Кадр из фильма «Black Mirror: Bandersnatch» 1018

 

       «Bandersnatch» (можно, конечно, воспользоваться русскоязычным аналогом «Брандашмыг», но едва ли от этого кому-нибудь станет легче) является интерактивным фильмом. По ходу просмотра зрители сами принимают решения за главного героя, нажимая на кнопки пульта. В результате таких решений сюжет идёт по одной из изначально предусмотренных версий. Очевидным образом просмотр «Bandersnatch» напоминает прохождение компьютерной игры. Это сходство вполне уместно в связи с непосредственным сюжетом фильма, главным героем которого оказывается разработчик таких компьютерных игр.

       Но как будет выглядеть «Bandersnatch», если его смотреть в обычном режиме, т.е. не влияя на решения героя? – Нам последовательно продемонстрируют все сюжетные линии. При этом переход от одной линии к другой будет особым образом обозначен, маркирован. Стоит признать, что в рамках традиционного способа просмотра «Bandersnatch» не становится хуже. Наоборот, он обретает ту ветвящуюся полноту содержания, которая придаёт восприятию масштабность и целостность. Мир раскрывается как множество возможностей, каждая из которых оказывается так или иначе реализована, пусть и не к радости для главного героя.

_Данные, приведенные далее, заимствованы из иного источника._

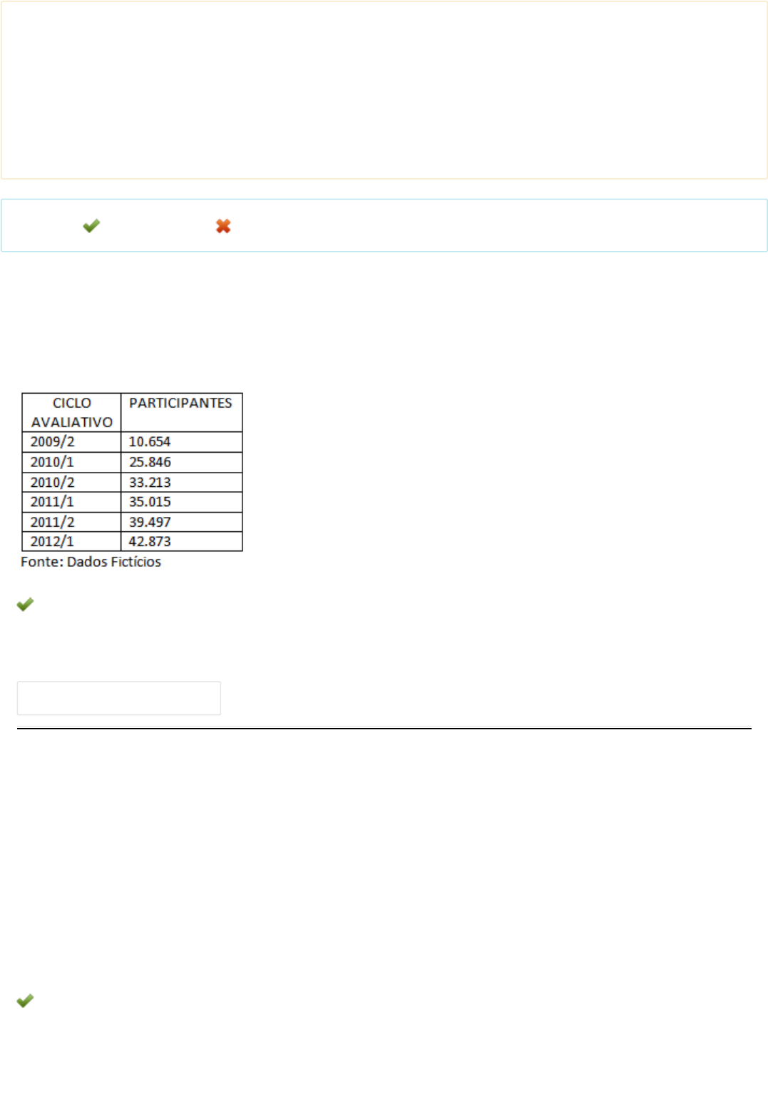 Acadêmico: Mharcos Vinicius Gonçalves de Hungria (1935095) Disciplina: Estatística (MAT99) Avaliação: Avaliação II - Individual FLEX ( Cod.:455491) ( peso.:1,50) Prova: 13513221 Nota da Prova: 10,00 Legenda: Resposta Certa Sua Resposta Errada 1. Participar da Avaliação Institucional, que é organizada pela Comissão Própria de Avaliação - CPA, oportuniza aos acadêmicos, articuladores, tutores, coordenadores de curso e colaboradores avaliar aspectos pedagógicos, organizacionais e de infraestrutura da UNIASSELVI. A partir da divulgação das melhorias ocorridas em decorrência dos resultados das avaliações, a participação desses atores pedagógicos vem aumentando ciclo após ciclo. Neste contexto, observe, na tabela a seguir, o número de participantes em cada ciclo avaliativo e calcule a média semestral de participação: a) A média semestral foi de 34.299 participantes. b) A média semestral foi de 31.183 participantes. c) A média semestral foi de 35.381 participantes. d) A média semestral foi de 37.419,6 participantes. Anexos: Formulario_Estatistica_2013 2. A Estatística é um conjunto de técnicas e métodos de pesquisa que tem o objetivo de representar e caracterizar um determinado conjunto de dados. Dentre todas as informações, podemos retirar valores que representam todo o conjunto. Esses valores são denominados medidas de tendência central. Dentre as medidas de tendência central, destacam-se: média, mediana e moda. Sobre o exposto, classifique V para as sentenças verdadeiras e F para as falsas: ( ) A média pode ser considerada uma separatriz, pois é o valor que se encontra no centro dos dados. ( ) A moda é uma medida de posição que permite dividir a distribuição em duas partes de igual frequência. ( ) A moda é o valor que ocorre em uma maior frequência num conjunto de dados. ( ) A média de um conjunto de dados numéricos obtida ao somar os valores de todos os dados e dividindo a soma pelo número de dados. Assinale a alternativa que apresenta a sequência CORRETA: a) F - F - V - V. b) V - F - V - V. c) F - V - F - F. d) V - V - F - F. Parabéns! Você acertou a questão: Parabéns! Você acertou. Anexos: Formulário Ana - Estatística 2018 3. A escolaridade dos jogadores de futebol nos grandes centros é maior do que se imagina, como mostra a pesquisa a seguir, realizada com os jogadores profissionais dos quatro principais clubes de futebol do Rio de Janeiro. De acordo com esses dados, o percentual dos jogadores, dos quatro clubes, que concluíram o Ensino Médio é de: a) Apenas 54% dos jogadores dos quatro clubes concluíram o Ensino Médio. b) Aproximadamente 14% dos jogadores possuem Ensino Médio. c) Aproximadamente 14% dos jogadores, dos quatro clubes, nem concluíram o Ensino Médio. d) O percentual dos jogadores, dos quatro clubes, que concluíram o Ensino Médio é de, aproximadamente, 61%. Anexos: Formulario_Estatistica_2013 Formulario_Estatistica_2013 4. Um produtor de laranjas coletou 30 amostras com os seguintes pesos (gramas). Conforme os dados em rol a seguir, podemos montar uma tabela. Seguindo a Regra de Sturges, qual será o número de classes para montar a tabela? Considere o log 30 = 1,48. a) O número de classe é 6. b) O número de classe é 10. c) O número de classe é 7. d) O número de classe é 5. Anexos: Formulario_2012_Estatistica 5. Um produtor de laranjas coletou 30 amostras com os seguintes pesos (gramas). Conforme os dados da tabela, classifique V para as sentenças verdadeiras e F para as falsas: a) F - F - F - V. b) V - F - V - F. c) V - V - F - F. d) F - V - V - V. Anexos: Formulario_Estatistica_2013 Formulario_Estatistica_2013 Formulario_Estatistica_2013 6. As Medidas de Tendência Central expressam a posição da distribuição com relação ao eixo dos valores da situação estudada. Com relação às Medidas de Tendência Central, classifique V para as sentenças verdadeiras e F para as falsas: ( ) A Mediana pode ser considerada uma Separatriz, pois seria o mesmo que calcular C50, que nos daria 50% dos dados para analisar. ( ) Ao fazer uma análise de dados, a Mediana pode ser utilizada no lugar da Média, pois sempre dará o mesmo resultado. ( ) Para o cálculo da Mediana pela fórmula estudada, deve-se, primeiramente, abrir uma coluna de Frequência Acumulada (Fai), para encontrar a Classe da Mediana. Assinale a alternativa que apresenta a sequência CORRETA: a) V - F - V. b) V - V - F. c) F - V - F. d) F - F - V. Anexos: Formulario_Estatistica_2013 Formulario_Estatistica_2013 Formulario_Estatistica_2013 Formulario_Estatistica_2013 7. Determinado produto utilizado na construção civil é vendido em milhares de unidades. Doze lojas de materiais de construção foram pesquisadas quanto ao valor desse produto e foram obtidos os seguintes valores (em reais): 980, 940, 1020, 980, 950, 1000, 900, 940, 1100, 980, 1120, 960. Qual o custo médio, em reais, desse produto, considerando as lojas pesquisadas? a) O custo médio é de R$ 989,17. b) O custo médio é de R$ 932,67. c) O custo médio é de R$ 952,33. d) O custo médio é de R$ 1.015,00. Anexos: Formulario_Estatistica_2013 Formulario_Estatistica_2013 Formulario_Estatistica_2013 Formulario_Estatistica_2013 Formulario_Estatistica_2013 8. Observe a distribuição de frequências com intervalos de classes e classifique V para as sentenças verdadeiras e F para as falsas: a) V - F - F - V. b) F - V - V - V. c) F - F - V - F. d) V - V - F - V. Anexos: Formulario_Estatistica_2013 Formulario_Estatistica_2013 Formulario_Estatistica_2013 Formulario_Estatistica_2013 Formulario_Estatistica_2013 Formulario_Estatistica_2013 9. A tabela a seguir apresenta uma distribuição de frequência das amostras de produção de mudas (cm). Qual o ponto médio da quinta classe? a) O ponto médio é 169. b) O ponto médio é 6. c) O ponto médio é 148. d) O ponto médio é 26. Anexos: Formulario_Estatistica_2013 Formulario_Estatistica_2013 Formulario_Estatistica_2013 Formulari
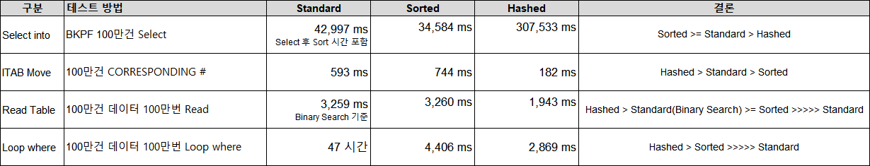 #1. Internal Table 성능 비교 (100만건 테이터 기준)

       Структура «Джокера» отчасти сходна со структурой «Bandersnatch». Но в этом случае никто никому ничего не подсказывает. Зритель сам обретает уверенность, что отдельные повороты сюжета относятся исключительно к имагинации. Явная подсказка такого рода в фильме всего лишь одна – это тема вышеупомянутых отношений между Флеком и Дюмон. Дальнейшие сюжетные ходы таких подсказок лишены.

       На онтологическом уровне отсутствие устойчивых и однозначных знаков, имеющих какой-либо объективный характер, наделяют всё происходящее чертами глубинной иррациональности.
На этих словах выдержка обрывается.